8 Steps To Creating an Age-Diverse Culture
nonprofit management tips

With baby boomers retiring or about to retire, it stands to reason that younger people will come on board. What kind of culture will they find at your organization? Today, an inclusive environment is not only expected but also demanded.

Once your organization has an age-diverse workforce in place, you can implement strategies to motivate and engage employees for improved innovation and encourage them to pursue the following: Risk taking, Innovation, and Entrepreneurship.
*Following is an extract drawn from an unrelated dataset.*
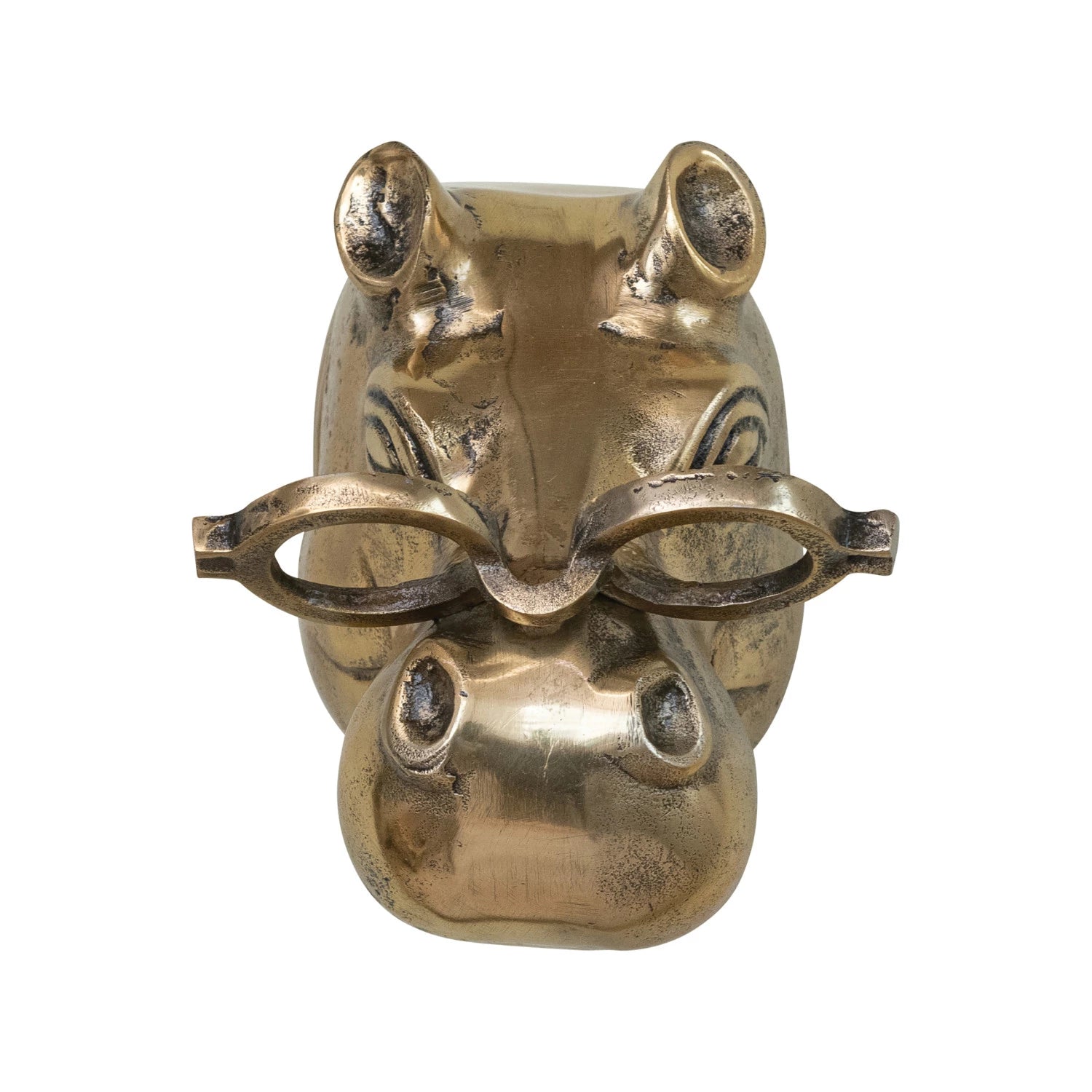 Aluminum Hippo Head with Eyeglasses Wall Décor

    As Valerie M. Grubb explains in Clash of the Generations: Managing the New Workplace Reality (Wiley, 2017), these three activities constitute an approach that compels an employee — of any age — to engage in creative problem solving and more effective operations. The following eight strategies can help.
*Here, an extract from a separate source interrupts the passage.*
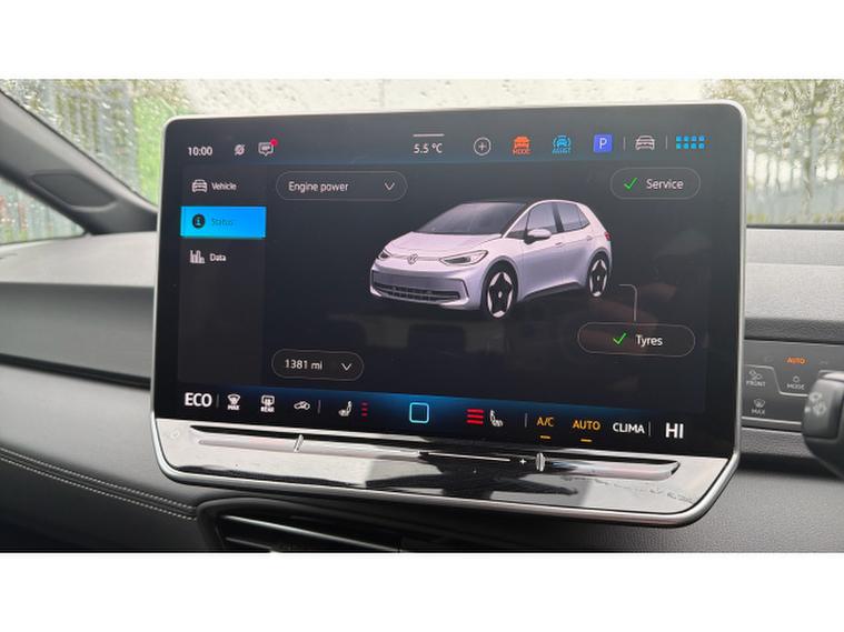 The Driver Assistance Pack further improves safety and confidence, offering Park Assist Plus, rear-view camera, Front Assist with proactive passenger protection, keyless entry and start, and front and rear parking sensors. Inside, the ID.3 provides a clean, modern and spacious cabin with ambient lighting and intuitive digital controls, creating a relaxed and enjoyable driving environment.

  • Stimulate idea generation. Having no-holds-barred, no-idea-is-a-bad-idea meetings can result in your team’s constantly being on the cutting edge of change and reinvention and serve as a powerful reminder to all staff that age is not a barrier to breakthroughs.
  • Protect idea generators. If new ideas are attacked, people, especially newer members of the team, will simply stop talking in order to avoid being shot down and feeling humiliated.
  • Don’t revile someone for mistakes made. Failure has made the world a richer place, and both innovation and entrepreneurial spirit are quashed when mistakes are punished or ignored.
  • Promote good ideas, regardless of who presents them.
  • Broaden your knowledge base, and have staff members think beyond their own day-to-day responsibilities.
  • Push yourself beyond your comfort zone. Keep learning so that you can continue to make contributions throughout the organization and not just in your own department.
  • Employ diverse employees and teams.
  • Recognize and reward risk taking. Regardless of your position in the organization, acknowledging and appreciating risk taking can have positive, far-reaching effects.